Over the next two months we:

  • Got a loose understanding of a convoluted Lloyd’s insurance system. We bought a policy from a broker (Blue Water), who acquired a policy from LJJ Associates, who are brokers in the UK, who got ProSight 1011, a Lloyd’s of London syndicate, to underwriter the policy. ProSight’s underwriters were making the decisions.
  • Hired a UK Solicitor Daniel Crockford. He specialized in marine cases and had sailing experience, so understood the situation.
  • Bill Trenkle a NAMS surveyor and international marine investigator. He also worked for Dennis Connor on the America’s cup and had in-depth knowledge of catamarans. We scheduled him to come onboard Dragonfly Jan 11 to survey her and address the supposed structural problems.
  • Contracted with Mike Lenneman, an oceanographer, catamaran and mast builder to explain the rogue waves and his personal experience with a similar dismasting.
  • Met with Jay Butler an America’s cup rigger to inspect the remaining rigging and attest to its good and functional condition.
  • Requested Kurt Hughes, the designer of Dragonfly and the mast to address the beam flexing, mast compression and tri-pod rig.
  • Compiled annual expense reports demonstrating the more than adequate maintenance done annual.

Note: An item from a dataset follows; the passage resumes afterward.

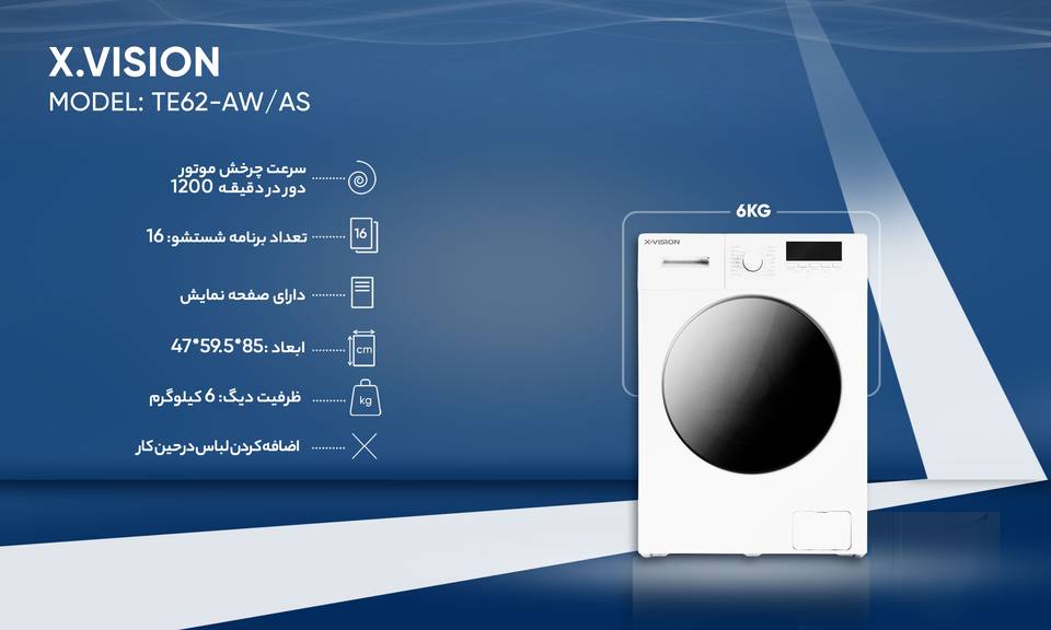 ماشین لباسشویی مدل TE62-AW/AS محصول شرکت xvision در سایزهای 6 ، 7، 8 کیلوگرمی یک گزینه ایدهآل برای هر مصرفکننده ایرانی با زندگی مدرن محسوب میشود. ایکس ویژن با تکیه بر اعتبار مادیران و اعتماد مردم و مهمتر از همه، تولید محصولات باکیفیت توانسته در مدت کوتاهی جایگاه خوبی را در میان مصرفکنندگان خود به دست آورده و به یکی از محصولات مورد اطمینان بازار تبدیل شود. موتور تسمهای یونیورسال قدرتمند این محصول با فراهم آوردن سرعت چرخش 1200 دور در دقیقه، ظرفیت 6 کیلوگرمی، درام کریستالی و جنس استیل ضدزنگ این محصول را به محصولی بادوام و مستحکم تبدیل کرده است. این دستگاه نه تنها البسه را به طور کامل تمیز میکند بلکه باعث حفظ کیفیت لباس ها نیز خواهد شد. ماشین TE62-AW/AS با رتبه مصرف انرژی +++A وارد بازار شده و تجربهی صرفه جویی در مصرف آب و برق و در عین حال کیفیت شستشوی بالاتر را برای شما فراهم میکند. برای این لباسشویی 16 حالت برنامهی شستشو تعریف شده و از صحفه نمایش باکیفیتی برا نمایش آن بهره میبرد . از سایر امکانات آن میتوان به حالت شستشوی سریع 15 دقیقه ای ، سیستم کنترل سرریز آب، حالت شستشوی تاخیری delay wash و نیز قابلیت اضافه کردن لباس بعد از شروع شستشو اشاره کرد. در حالت Add Wash پس از چند ثانیه از فعال کردن آن، سطح آب پایین آمده و امکان باز شدن درب فراهم میشود و شما میتوانید لباسها را اضافه و مجددا برنامه شستوشو را فعال کنید. به این ترتیب، شستن لباسهایی که جا مانده اند تا زمان شستوشوی بعدی به تعویق نمیافتد .فناوری تعادل خودکار البسه (Auto Balance) با گردش متناوب و نیم دور دستگاه در دور خشک کن ، باعث قرارگیری یکنواخت لباسها در داخل درام شده وعلاوه بر جلوگیری از لرزش و تکانهای شدید ، از گره خوردن و چروک شدن لباسها نیز جلوگیری مینماید.

  • Acquired statements via questionnaires from each of the crew
  • Proved that the age of the rigging fell within all guidelines specified including ones that John Koon was involved in developing for the Coast Guard.
  • Acquired the Coast Guard logs and explained how a Mayday is not appropriate unless life is at risk.
  • Compiled the trip log to the extent that we could from our navigation software.
  • Made drawings showing the forces of the different scenarios.
  • Responded to the accusations and theories made by the solicitor from Hill Dickinson

The data we developed, accumulated and organized filled a 3″ binder. Daniel Crockford, our UK solicitor it reviewed and submitted it to Hill Dickinson.